The anonymous passenger spoke to Stuff.co.nz, describing how she boarded her Jetstar flight from Wellington to Queenstown to find “a sea of unmasked people”.

She estimated that 70 per cent of passengers on the flight, which departed Sunday morning, were not wearing their masks.

Photos and video taken by the passenger and shown to Stuff confirm that most passengers were not complying with mask rules, the website reports.

The woman - who spoke up because she has a lung disease that makes her vulnerable to Covid-19 - asked fellow Jetstar flyers if they would mind putting their masks on.

She says they laughed and said no. At this point, she asked cabin crew if she could exit the plane before it took off.

“I said I would have to get off the plane as I felt extremely unsafe.”

Cabin crew and the pilot spoke to the vulnerable passenger, persuading her to stay on the flight and offering to seat her in an empty section of the cabin, towards the back.

She told reporters that the maskless passengers were “staring and sneering” as they moved seats, with one asking her husband, “Have you got a problem”?

“I am not a nervous person, I am fairly confident, I am good in a crisis – but at the end of that walk I was shaking,” said the woman.

She said staff were extremely helpful in the circumstances, allowing them off the plane first after it landed so they could avoid confrontation with others from the flight.

However, she told reporters she had lost confidence in Jetstar’s mask policy and staff enforcement of Covid rules.

“I said I am never flying with that airline again – they are incompetent, their duty of care just was not there.”

Masks are required on all New Zealand flights, but there are some exemptions. Yet, there are no documents or cards to prove you’re exempt and airlines are not permitted to ask for proof.

Alongside this, Jetstar is still serving drinks and snacks on their flights, with passengers able to remove masks while consuming them. This means it is hard to enforce mask rules.

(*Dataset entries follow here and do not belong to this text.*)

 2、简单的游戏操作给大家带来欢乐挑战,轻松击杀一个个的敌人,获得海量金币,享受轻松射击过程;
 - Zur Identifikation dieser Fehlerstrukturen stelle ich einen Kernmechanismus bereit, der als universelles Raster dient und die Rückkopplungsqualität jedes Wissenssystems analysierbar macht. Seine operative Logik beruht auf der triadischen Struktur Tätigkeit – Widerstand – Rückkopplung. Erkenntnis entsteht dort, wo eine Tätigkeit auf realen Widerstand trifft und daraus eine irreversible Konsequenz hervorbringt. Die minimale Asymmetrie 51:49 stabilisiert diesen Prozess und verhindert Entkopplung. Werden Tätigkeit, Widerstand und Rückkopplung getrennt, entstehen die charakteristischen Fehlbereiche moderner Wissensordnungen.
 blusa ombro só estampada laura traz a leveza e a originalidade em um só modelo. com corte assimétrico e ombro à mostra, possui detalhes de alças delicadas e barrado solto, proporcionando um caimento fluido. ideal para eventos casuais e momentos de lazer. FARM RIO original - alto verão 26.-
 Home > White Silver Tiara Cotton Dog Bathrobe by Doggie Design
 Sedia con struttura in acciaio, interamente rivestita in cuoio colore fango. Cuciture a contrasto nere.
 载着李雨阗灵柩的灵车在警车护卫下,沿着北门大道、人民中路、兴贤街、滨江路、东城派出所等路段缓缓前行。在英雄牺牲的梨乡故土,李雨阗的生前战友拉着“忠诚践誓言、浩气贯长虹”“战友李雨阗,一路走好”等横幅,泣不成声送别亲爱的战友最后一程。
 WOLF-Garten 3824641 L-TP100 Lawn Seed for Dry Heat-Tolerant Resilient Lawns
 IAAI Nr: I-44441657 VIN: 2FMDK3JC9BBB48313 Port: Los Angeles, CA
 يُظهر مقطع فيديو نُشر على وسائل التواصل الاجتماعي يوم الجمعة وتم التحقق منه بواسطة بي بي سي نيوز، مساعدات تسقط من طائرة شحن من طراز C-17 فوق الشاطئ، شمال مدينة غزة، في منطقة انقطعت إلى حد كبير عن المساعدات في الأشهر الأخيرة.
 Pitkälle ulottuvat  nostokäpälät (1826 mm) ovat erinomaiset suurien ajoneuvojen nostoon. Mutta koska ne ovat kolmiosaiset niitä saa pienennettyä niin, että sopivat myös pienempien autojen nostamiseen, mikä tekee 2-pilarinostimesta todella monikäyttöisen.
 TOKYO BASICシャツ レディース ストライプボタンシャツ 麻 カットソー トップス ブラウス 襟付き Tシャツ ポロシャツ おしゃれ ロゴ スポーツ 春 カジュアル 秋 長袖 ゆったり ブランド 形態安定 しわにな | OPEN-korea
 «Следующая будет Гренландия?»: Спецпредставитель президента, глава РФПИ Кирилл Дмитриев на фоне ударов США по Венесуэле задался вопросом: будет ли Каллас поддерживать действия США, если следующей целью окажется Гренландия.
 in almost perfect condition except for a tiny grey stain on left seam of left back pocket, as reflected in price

Jetstar does require passengers to have either proof of vaccination or a recent negative Covid test result to fly, but is tracking this via “spot checks” rather than checking every passenger’s documentation.

A Jetstar spokesperson said it had been unable to verify the details of that particular flight but acknowledged that crew had raised concerns about the number of passengers not wearing masks.

They added: “These concerns have been fed back to the New Zealand government as part of their review into the mask exemption process across all industries.”